There exists seven buttresses that support the wall, demolition of some of the wall has emphasized the "Cilla", which served as a jail and a ducal barn, amongst other uses. Today it is a tourist office and a municipal museum, comprising four display rooms and a patio with a majestic view. In one of its rooms there is a permanent exhibition on "the Castles and Strengths of the Nazarí Kingdoms".

===La Villa District===
Near these other buildings, in the “Casco Antigüo” (the ancient town center) within the old town walls is la villa (the village). To walk its streets is to travel 700 years back, to when an older Olvera existed. This was where the Visigoth town called Wubira existed. The towns origins are evident here, (narrow streets, strategic corners, old cottages, etc.), exposing the visitor to the old architecture of the Muslim town entwined with the modern.

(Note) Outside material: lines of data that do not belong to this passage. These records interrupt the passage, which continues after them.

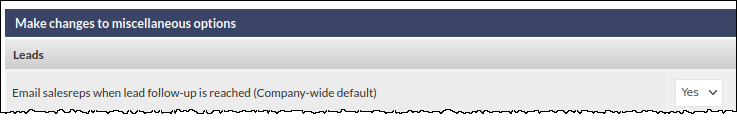 Settings > Leads > Miscellaneous > Email salesreps when lead follow-up is reached (Company-wide default):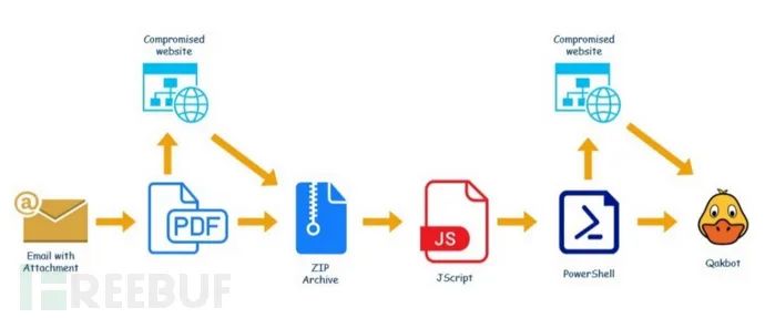 4月初,研究人员检测到使用QBot恶意软件(又名QakBot、QuackBot和Pinkslipbot)的攻击显著增加。该恶意软件是通过附加在商业信函中的恶意文件传播的。黑客可以获取真实的商业通信(从以前的目标电脑上窃取本地存储的电子邮件),并加入对话,发送信息,就像他们在进行一次常规的旧对话一样。这些电子邮件试图说服目标打开伪装成费用清单或其他商业事项的PDF文件。实际上,该PDF包含来自Microsoft Office 365或Microsoft Azure的虚假通知。攻击者利用这一点试图让目标点击“打开”按钮,然后下载一个受密码保护的存档文件,其中包含通知文本中的密码。如果接收者解压缩并运行其中的.wsf(Windows脚本文件),它就会从远程服务器下载QBot恶意软件。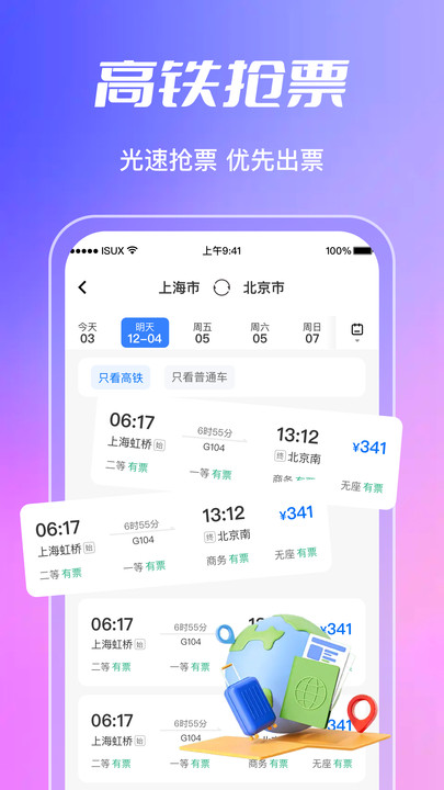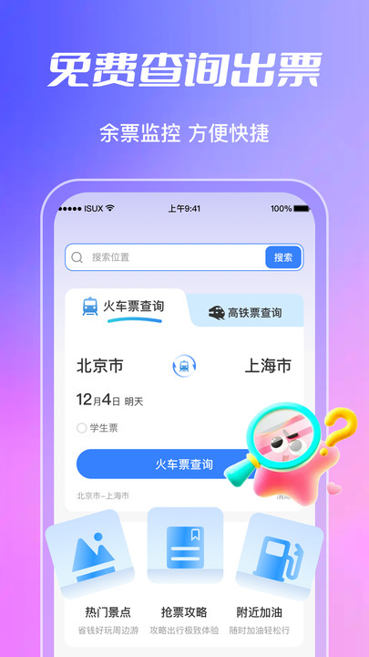 铁路火车票候补买app下载是一款集火车票查询、候补购票、智能出行规划与实用攻略于一体的综合性铁路出行助手APP。它不仅能为您提供火车高铁票的实时余票查询与官方候补购票服务,还深度整合了出行相关的多元功能。APP会根据您的行程,智能推荐高铁沿线的热门景点,并提供节省成本的出行方案,例如通过拆分行程或选择冷门车次来规划低价路线。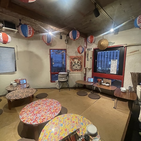 開放感あふれる座敷席が完備されているのも魅力の当店。頭上には提灯やお酒が並び、沖縄の大らかで陽気な雰囲気を演出しています。大人数でのご利用も歓迎しております!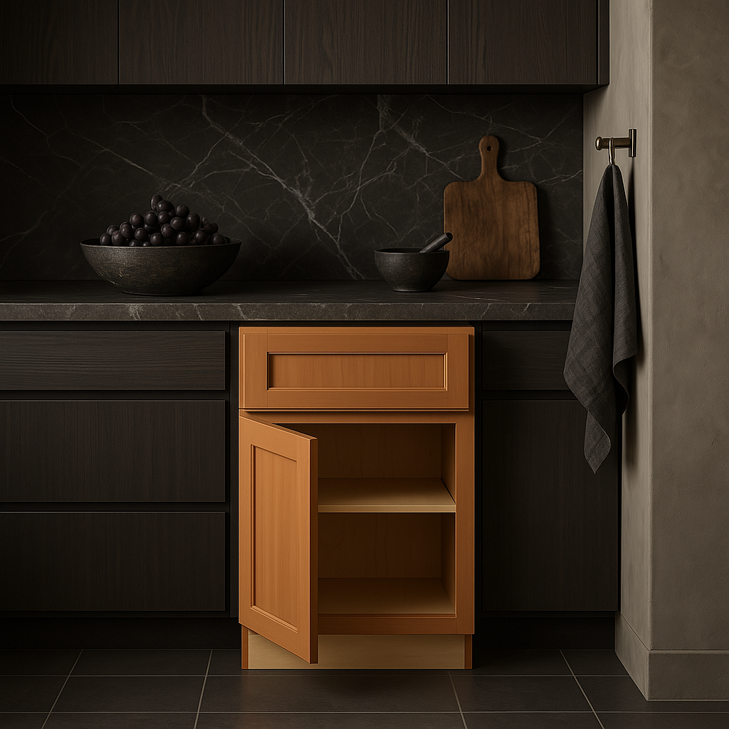 The Newport Cinnamon Base Kitchen Cabinet combines durable all-plywood construction with a rich Cinnamon finish, offering both style and functionality. Featuring soft-close technology and adjustable shelves, this cabinet is perfect for modern kitchens.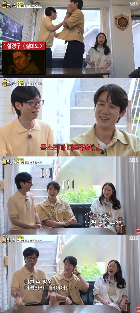 또 최지우는 "나는 (설경구라고) 하려고 했는데, 아까 나온 거라 그래가지고"라며 유연석의 팔을 치며 어쩔 줄 몰라 했다. 유재석은 "지우야. 오늘 왜 그러는 거야"라며 계속 틀리는 최지우에게 답답한 마음을 드러냈다.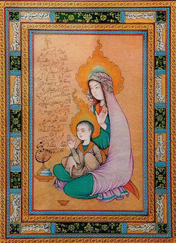 c) Scene della vita di Maria sono state usate per illustrare manoscritti Arabi e Persiani. Uno di essi rappresenta « la Vergine Maria seduta sotto un albero di palma con Gesù bambino sulle sue ginocchia. Questo dipinto è notevole perché la Vergine ha l'aureola di fiamma che nell'arte musulmana indica usualmente un Profeta, sebbene Ella non sia mai considerata tra i Profeti dell'Islam ». Maria ha esercitato la sua attrazione non solo alla Corte di Akbar, ma in molti luoghi del mondo musulmano. Numerosi sono i santuari di Maria in Asia Minore ed anche in India frequentati da musulmani: Nostra Signora di Plomb a Serajevo, la Vergine di Sumela a Trebizond, la chiesa della Annunciazione a Te nos.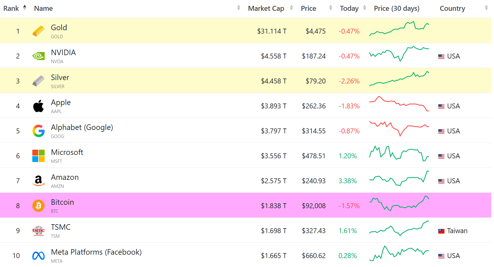 Az ezüst piaci értéke az elmúlt napokban többször is megelőzte a chipgyártó óriás Nvidia-t, szoros versenyt kialakítva világ legértékesebb eszközei közötti harcban. A rangsor élén továbbra is toronymagasan vezet az arany, miközben a bitcoin látszólag képtelen lendületbe jönni.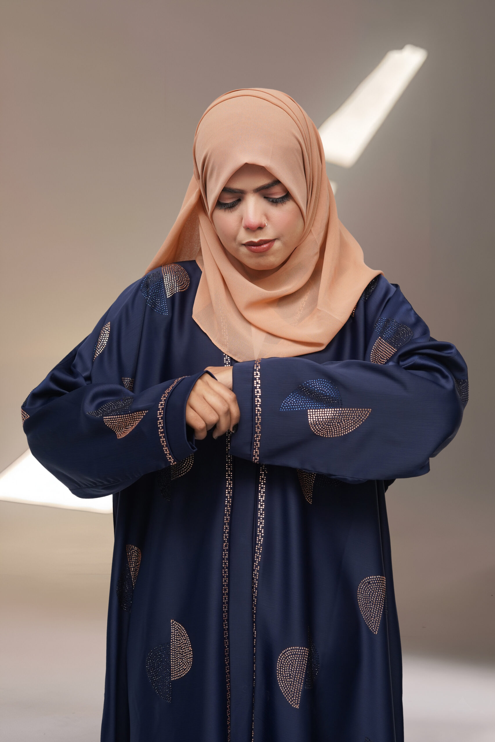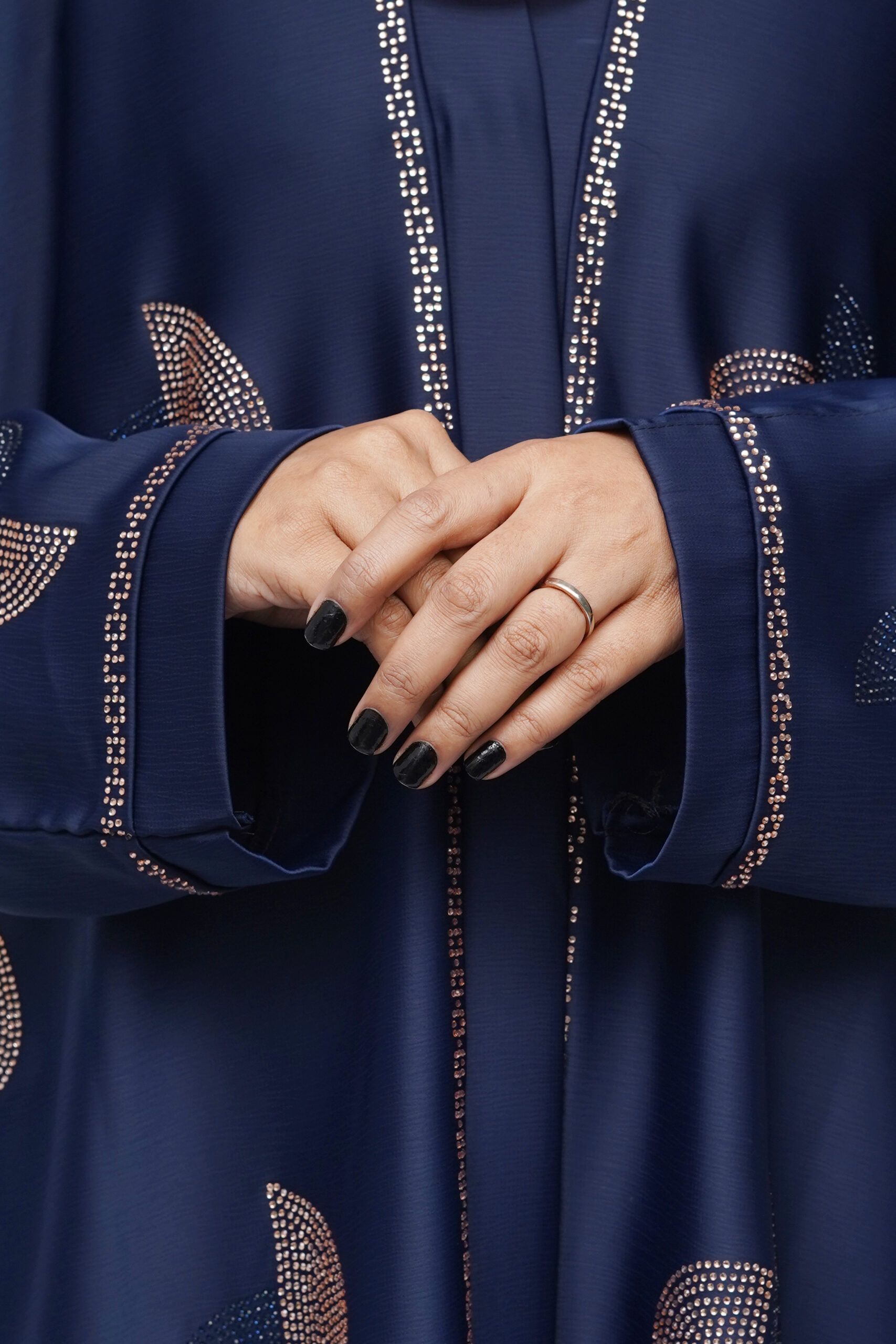 Open Style TikTok Fabric Abaya with Double Colour DMC Stone Work
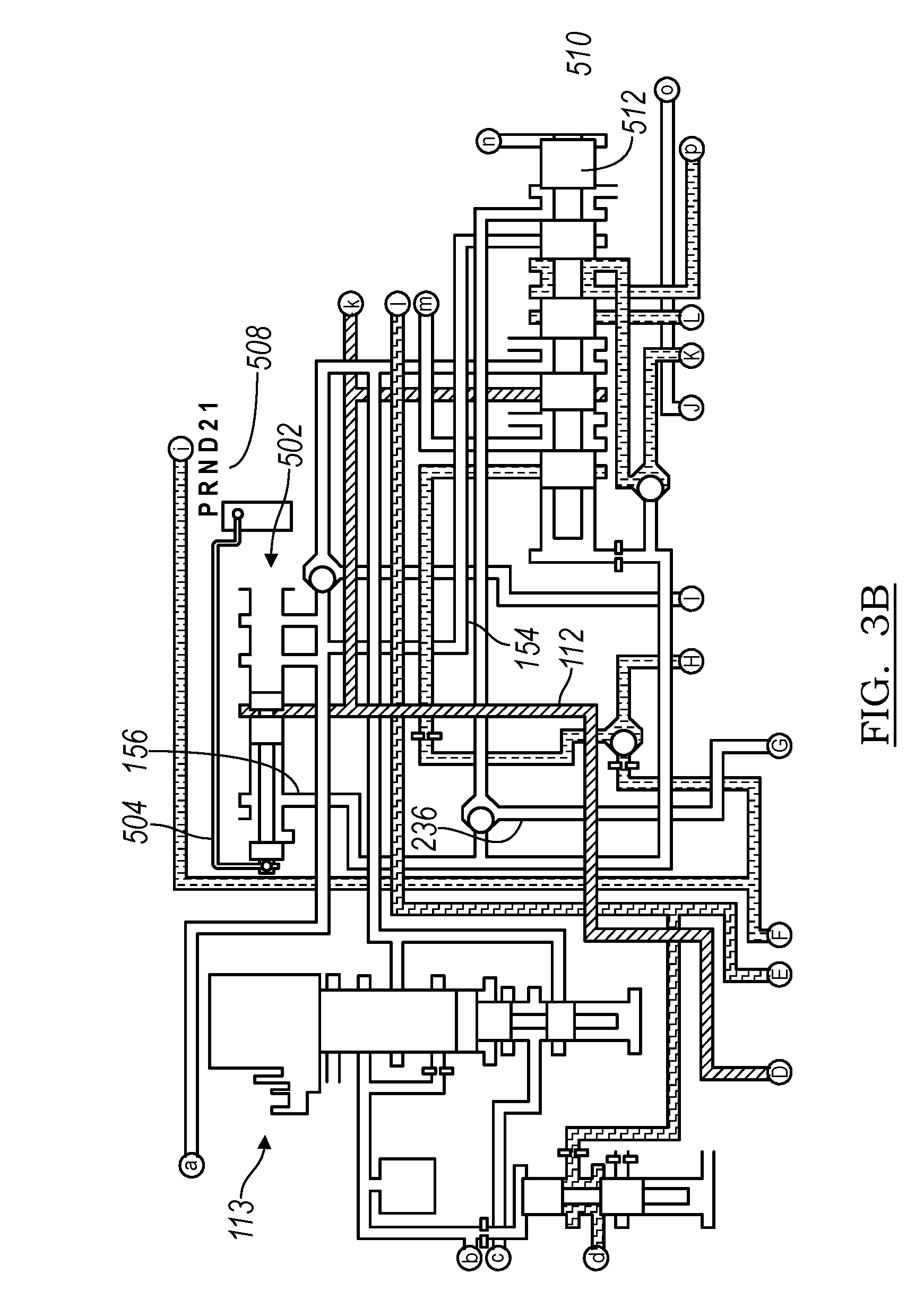 FIGS. 3A-3F describe yet another embodiment of a hydraulic control system having a manual valve in accordance the principles of the present invention.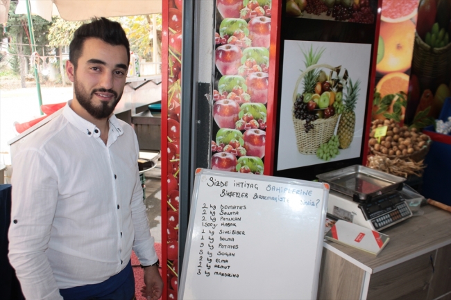 Manavdaki "Siz de ihtiyaç sahiplerine bir şeyler bırakmak ister misiniz?" yazılı tahtada ihtiyaç sahiplerine liste halinde bırakılan ürünler yer alırken, ihtiyaç sahipleri istedikleri meyve ve sebzeyi ücretsiz alabiliyor, talep edenlerin evlerine de ihtiyaçları ücretsiz ulaştırılıyor.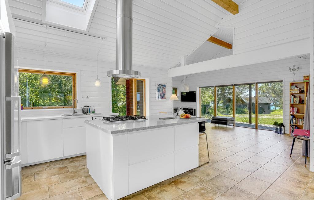 Fra stuen udgang til både åben som overdækket terrasse, hvor solen og udsigten til vandet kan nydes i fulde drag.

===La plaza de Andalusia ===
The plaza, also called "La Alameda" (tree lined area), has a majestic stone fountain/waterfall constructed in 2004. Above this is el Peñón del Sagrado Corazón de Jesús (the Rock of the Sacred Heart of Jesus), a great rock garden full of ivy, flowers, birds and animals. The reason for its name is the Christ statue, with arms raised, on the highest part of the rock carved by Jose Even Navas, in 1929.

===El Santuario de Nuestra Señora de Los Remedios===
The Sanctuary of Our Lady of the Remedies is 2 km from the town centre. It was constructed in the 18th century, in Andalucian style on the foundations of a small hermitage. It venerates the patron of the locality, Nuestra Señora de Los Remedios, who is loved by the town of Olvera and many towns around, known collectively as “las cientos sierras” (the 100 mountain ranges). Unknown persons created an original statue to her during the 16th century, which was restored 10 years ago.
The head of the statue is in poor condition as the galleries became infested with termites for more than a century, however, the best possible restoration has been applied to it. The Archbishop of Seville, Don Good Jose Maria Monreal, was crowned here in 1966.

===El Monasterio de Caño Santos===
Located 7 km from Olvera, it was constructed in 1542. For many years it was the seat of the old patrona of the city, the Holy virgin of Caño, an image kept by the local Franciscan friars who inhabited the interior. In 1835 they were expelled and the monastery confiscated and abandoned. After many years, when the building was all but lost, the council of Andalusia decided to restore it. Although the monument is within the municipality of Olvera, this monastery is property of the city council of Alcala del Valle.